Attendre jusqu’en 2023

Le ministre Pierre Dufour a entamé une réflexion sur la stratégie de protection du caribou qui pourrait mener à d’autres actions en 2023. Le ministère indique d’ailleurs par courriel que d’autres mesures de gestion des populations sont à l’étude en ce moment en ce qui concerne les caribous de Val-d’Or.

M. St-Laurent croit que l’échéancier est imprudent et qu’Il faut agir beaucoup plus rapidement. Il se demande s’il ne s’agit pas d’une stratégie pour « gagner du temps ». Le goût que ça laisse en bouche, c’est qu’on essaye de gagner du temps en espérant que la harde s’éteigne puis après ça on se dit « bon bien OK maintenant, on arrête de se casser la tête avec ça puis on libéralise l’accès aux ressources », peste-t-il.

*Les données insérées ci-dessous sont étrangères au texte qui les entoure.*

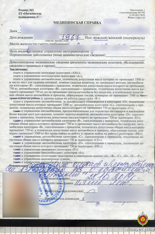 — Житель Могилева обратился в МРЭО ГАИ для замены водительского удостоверения и представил медицинскую справку о состоянии здоровья, подлинность которой вызвала сомнения у сотрудников Госавтоинспекции, в частности подозрения касались даты выдачи. По данному факту в Могилевском межрайонном отделе ГКСЭ проведена судебная экспертиза медицинской справки. По результатам исследований судебный эксперт пришел к выводу, что первоначальное содержание записи в графе «Дата выдачи справки» подвергалось техническому изменению способом дорисовки к верхней части цифры «4» дугового штриха, в результате чего образовалась цифра «9». Таким образом, год выдачи справки читался не как 2014-й (который указан в справке первоначально), а уже как 2019-й, — рассказала официальный представитель управления ГКСЭ по Могилевской области Ирина Рачковская.
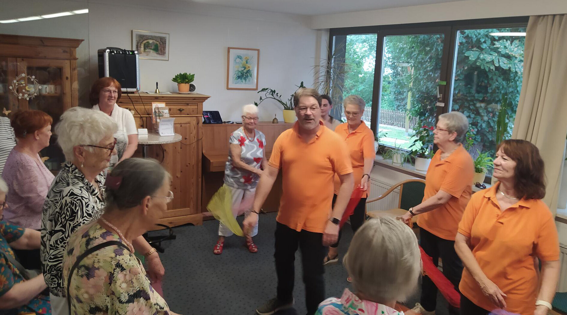 Einer der Höhepunkte des Nachmittags war der Mitmachtanz der Tänzerinnen und Tänzer der Salzgitteraner Tanzschule Kwiatkowski. Sie mussten die Gäste der Infoveranstaltung nicht lange bitten, bei den Tänzen mit bunten Tüchern oder im Sitzen mitzumachen. Schnell war der kleine Raum mit Tanzwilligen gefüllt, die die vorgeführten Tänze mitmachten. Zur Stärkung gab es zwischen den vielen Angeboten Kuchen sowie kleine Snacks und Fingerfood.
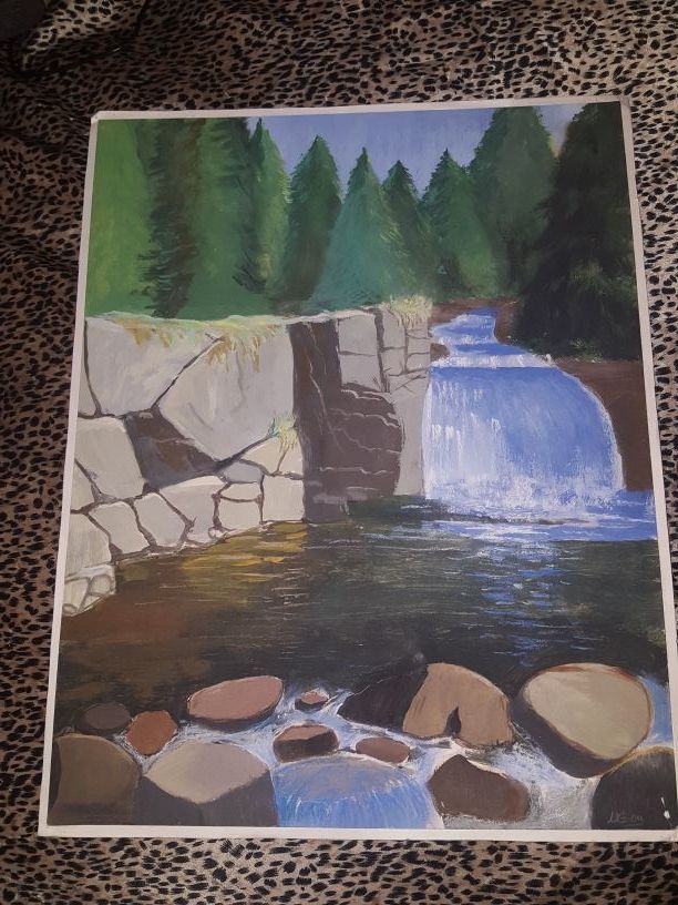 Another one of a kind, original piece -acrylic painting of a waterfall within a forest area. 18"x14" (My boyfriend again happens to be the artist of this one).

L’Action boréale fustige le ministère

Le président de l’Action boréale, Henri Jacob, soutient avoir préparé un plan de rétablissement du caribou, incluant l’instauration d’une nouvelle aire protégée plus conséquente que celle actuelle, en consultant régulièrement le ministère. Il déplore aujourd’hui que le MFFP soit opposé à l’idée d’une aire protégée. C’est à sa demande [ministre Pierre Dufour] qu’on a travaillé pendant trois semaines à temps plein à mettre en place le projet qu’on a présenté à son cabinet, soutient-il. Jamais quelqu’un ne nous a dit que ce projet n’avait pas de sens.

« Ce qui est aberrant, c’est qu’au lieu de nous dire au départ qu’ils n’avaient pas l’intention d’aller de l’avant, ils nous ont demandé de préparer un plan, puis maintenant, on n’a plus aucun contact, malgré nos demandes de rencontre. »

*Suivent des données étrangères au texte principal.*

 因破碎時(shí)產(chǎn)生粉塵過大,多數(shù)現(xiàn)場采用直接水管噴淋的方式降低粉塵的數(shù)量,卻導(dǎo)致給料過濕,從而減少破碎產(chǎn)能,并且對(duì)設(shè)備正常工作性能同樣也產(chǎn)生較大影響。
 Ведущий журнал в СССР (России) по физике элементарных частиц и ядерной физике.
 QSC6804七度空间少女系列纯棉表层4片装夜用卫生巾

Henri Jacob, président de l’Action boréale

M. Jacob promet de relancer la mobilisation. Le ministère nous dit qu’il n’y a plus aucune collaboration possible, alors on va retourner en opposition, s’exclame-t-il. S’il n’y a pas d’action sérieuse rapidement, pas en 2023, le troupeau va disparaître. Mais il ne disparaîtra de façon incognito, on va s’organiser pour que les gens sachent que c’est de la faute du ministère responsable des forêts.

Le ministre des Forêts, de la Faune et des Parcs, Pierre Dufour, a refusé notre demande d’entrevue à ce sujet.

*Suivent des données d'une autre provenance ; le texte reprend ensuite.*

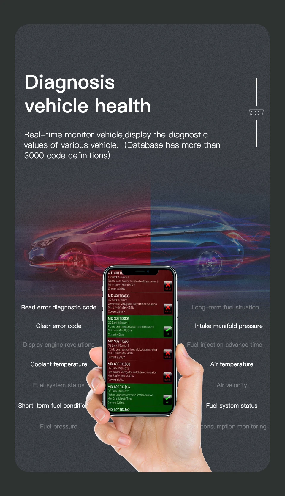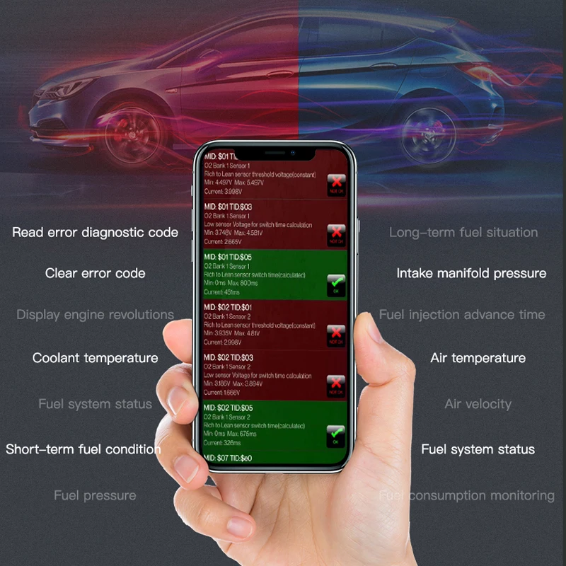 Прочитайте коды диагностики ошибок-общие и конкретные от производителя, и Отобразите их значение (база данных содержит более 3000 общих кодов)
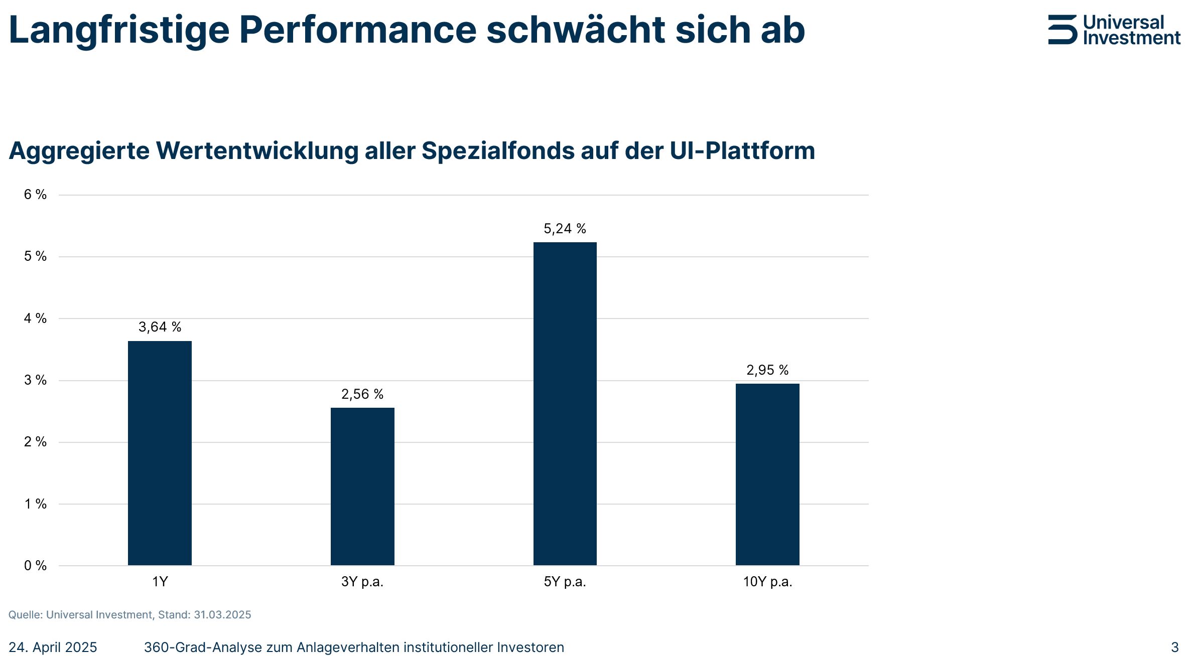 Die Auswertung erfasst alle Anlagen in Spezialfonds bei Universal Investment für den Zeitraum Dezember 2011 bis zum 31. März 2025 und wird regelmäßig aktualisiert. Das Gesamtvolumen der analysierten Assets under Administration beträgt rund 616,6 Milliarden Euro und damit etwa 28% des vom BVI zuletzt ausgewiesenen Spezialfondsvermögens.
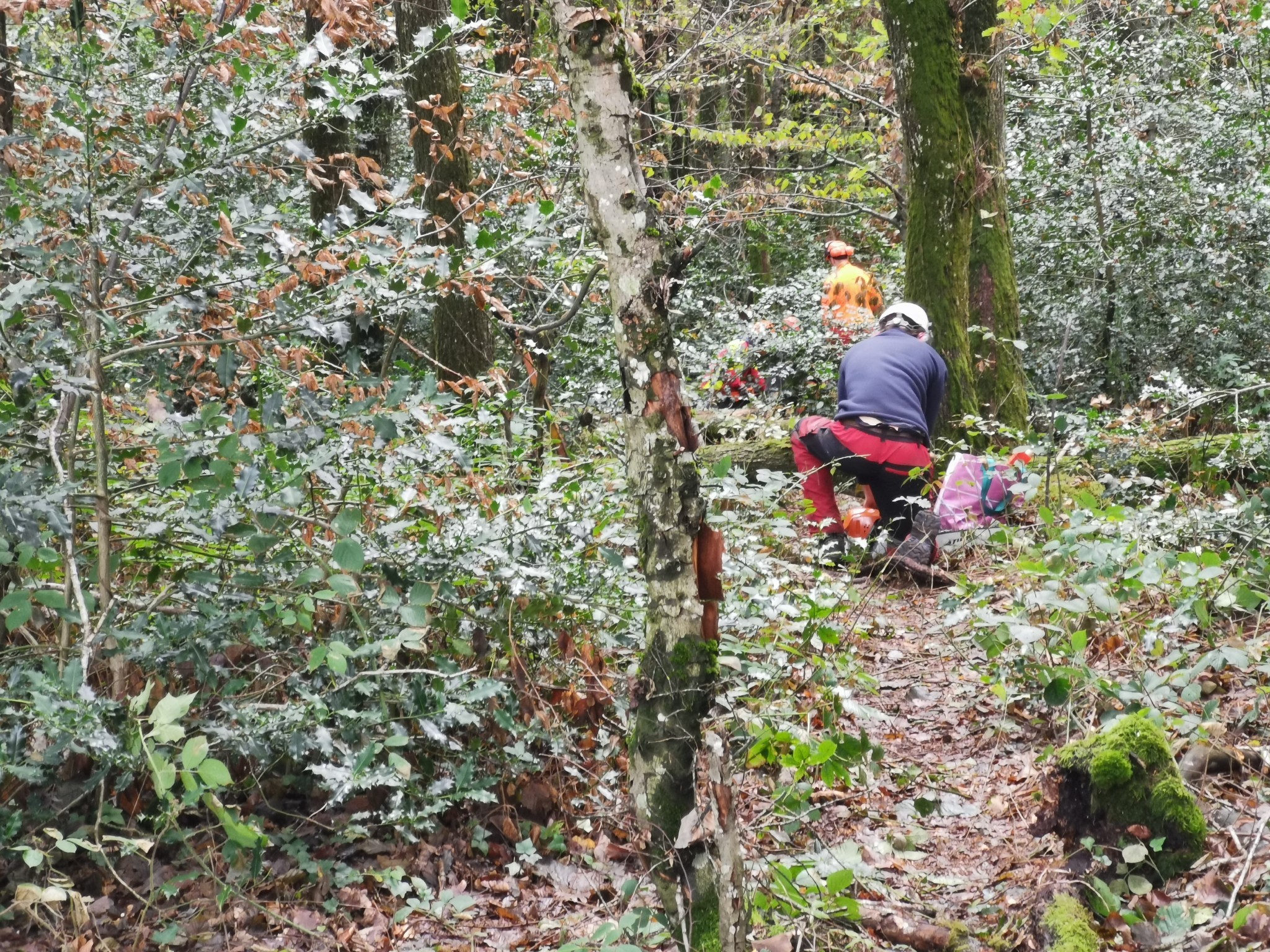 Les formateurs sensibilisent en particulier les stagiaires à leur sécurité. « Nous travaillons avec les équipements de protection individuelle, casque, chaussures de sécurité, pantalons anti-coupures », poursuit François Bonnevialle. « Nous demandons aux participants de bien communiquer entre eux pour favoriser une pratique collective. Nous sommes treize dans la forêt : si chacun n’en fait qu’à sa tête, ça peut vite devenir dangereux. »

Par courriel, son attaché politique, Carl Charest,  nous a toutefois envoyé une énumération d’information en guise de réponse du ministre. Il mentionne notamment qu’il faudra 40 ans en arrêtant tout développement pour que l’habitat devienne favorable au caribou et que le « dérangement par les usagers du territoire est aussi une menace ». Finalement, il rappelle qu’il y a une aire protégée de 400 km2 à Val-d’Or et que le loup gris et l’ours noir sont « la première cause de mortalité des caribous ».

Le maire de Val-d’Or voit d’un bon œil l’approche actuelle

Le maire de Val-d’Or, Pierre Corbeil, qualifie l’approche du ministère de « pragmatique ». Il estime qu’il serait difficile d’agrandir l’aire protégée. La zone en question est très densément occupée par des baux d’abris sommaires, des baux de villégiature, même la forêt récréative se retrouve en partie dans le territoire visé, souligne-t-il.

Il estime que les interventions futures doivent assurer une conciliation des usages. Il est là le défi, c’est d’essayer de manœuvrer et de réaliser de façon consensuelle, ou du moins un consensus le plus large possible, des mesures qui font en sorte qu’on peut atteindre des objectifs de conservation, mais aussi poursuivre des objectifs d’occupation pour chasse, pêche, VTT, motoneige, souligne-t-il. Il y a des choses qu’on peut faire, puis des choses qui ne sont pas nécessairement acceptables.